A collection agent or law firm that owns a collection account is a creditor. A creditor has several legal means of collecting a debt. But before the creditor can start, the creditor must go to court to receive a judgment. See the Bills.com resource Served Summons and Complaint to learn more about this process.
The court may decide to grant a judgment to the creditor. A judgment is a declaration by a court that the creditor has the legal right to demand a wage garnishment, a levy on the debtor’s bank accounts, and a lien on the debtor’s property. A creditor that is granted a judgment is called a "judgment-creditor." Which of these tools the creditor will use depends on the circumstances. We discuss each of these remedies below.
The most common method used by judgment-creditors to enforce judgments is wage garnishment, in which a judgment creditor would contact the debtor's employer and require the employer to deduct a certain portion of the debtor’s wages each pay period and send the money to the creditor. However, several states, including Texas, Pennsylvania, North Carolina, and South Carolina, do not allow wage garnishment for the enforcement of most judgments. In several other states, such as New Hampshire, wage garnishment is not the "preferred" method of judgment enforcement because, although possible, it is a tedious and time consuming process for creditors.

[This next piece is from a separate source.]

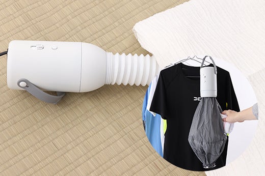 衣類アタッチメントに変更するだけで、衣類乾燥機にもなります。

In most states, creditors are allowed to garnish between 10% and 25% of your wages, with the percentage allowed being determined by each state.
Florida’s Garnishment rules are found in Title VI, Chapter 77. In general, Florida follows the federal rules for the amount of a garnishment, which allows up to 25% of a worker’s wages to be garnished. For exemptions, Florida Title XV, Chapter 222 defines earnings and what is considered exempt. See the Dept. of Labor's Employment Law Guide - Wage Garnishment and the Dept. of the Treasury’s Answers About Garnishments. Municipal and state employees may be garnished.

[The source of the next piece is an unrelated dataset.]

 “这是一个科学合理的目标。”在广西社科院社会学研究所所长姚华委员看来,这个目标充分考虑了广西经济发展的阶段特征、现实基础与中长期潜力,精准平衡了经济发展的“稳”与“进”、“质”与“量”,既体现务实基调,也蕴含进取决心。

Generally speaking, 401(K) or other retirement funds are exempt from garnishment. It is advisable to have those funds deposited into a separate bank account if you are concerned about garnishment on those payments.
If you reside in another state, see the Bills.com Wage Garnishment article to learn more.
Levy Bank Accounts
A levy means that the creditor has the right to take whatever money in a debtor’s account and apply the funds to the balance of the judgment. Again, the procedure for levying bank accounts, as well as what amount, if any, a debtor can claim as exempt from the levy, is governed by state law. Many states exempt certain amounts and certain types of funds from bank levies, so a debtor should review his or her state’s laws to find if a bank account can be levied. In some states levy is called attachment or account garnishment. The names may vary but the concept is the same.
In Florida, a levy (called attachment) is allowed under Title XXXIX, Chapter 679.2031. Levy is allowed if the plaintiff possesses a a writ commanding the sheriff to seize and sell as much of a debtor’s property as is necessary to satisfy a creditor’s claim.
If you reside in another state, see the Bills.com Account Levy resource to learn more about the general rules for this remedy.
A lien is an encumbrance — a claim — on a property. For example, if the debtor owns a home, a creditor with a judgment has the right to place a lien on the home, meaning that if the debtor sells or refinance the home, the debtor will be required to pay the judgment out of the proceeds of the sale or refinance. If the amount of the judgment is more than the amount of equity in your home, then the lien may prevent the debtor from selling or refinancing until the debtor can pay off the judgment.
Florida allows a lien for a money judgment. Under Title XL, Chapter 713, mechanics and contractors (and similar laborers and professionals) a have the right to place a lien on a property. This also includes creditors for unsecured debt (credit cards, auto loans, etc.), see Florida law Title XI, Chapter 55.10.
A judgment-creditor may not seize a judgment-debtor’s residence under Florida law.
If you reside in another state, see the Bills.com Liens & How to Resolve Them article to learn more.
Florida Statutes of Limitations
The statute of limitations is governed by Florida Title VIII Limitations, Chapter 95.11. The statute of limitations on consumer issues are as follows:
- Open account (i.e., credit card): 4 years (Florida 95.1(p))
- Written contracts: 5 years
- Real property actions: 7 years
- Foreclosure: 5 years
- Foreign judgments: 5 years
- Domestic judgments: 20 years
Florida foreclosure laws are found Title XL, Chapter 702 to learn more about the rules surrounding foreclosure in this state, including deficiency balances (Chapter 702.06). To learn how to prevent foreclosure in Florida, see the Bills.com resource Florida Mortgage Foreclosure & Short Sale.
Florida Usury Law
See the Bills.com resource Florida Usury Law to learn the maximum interest rate that can be charged a consumer in Florida.
Florida Payday Loan Collection
See the Bills.com resource Payday Loan and the FDCPA to learn how Florida law protects consumers of payday loans.
Consult with a Florida attorney experienced in civil litigation to get precise answers to your questions about liens, levies, and garnishment in Florida.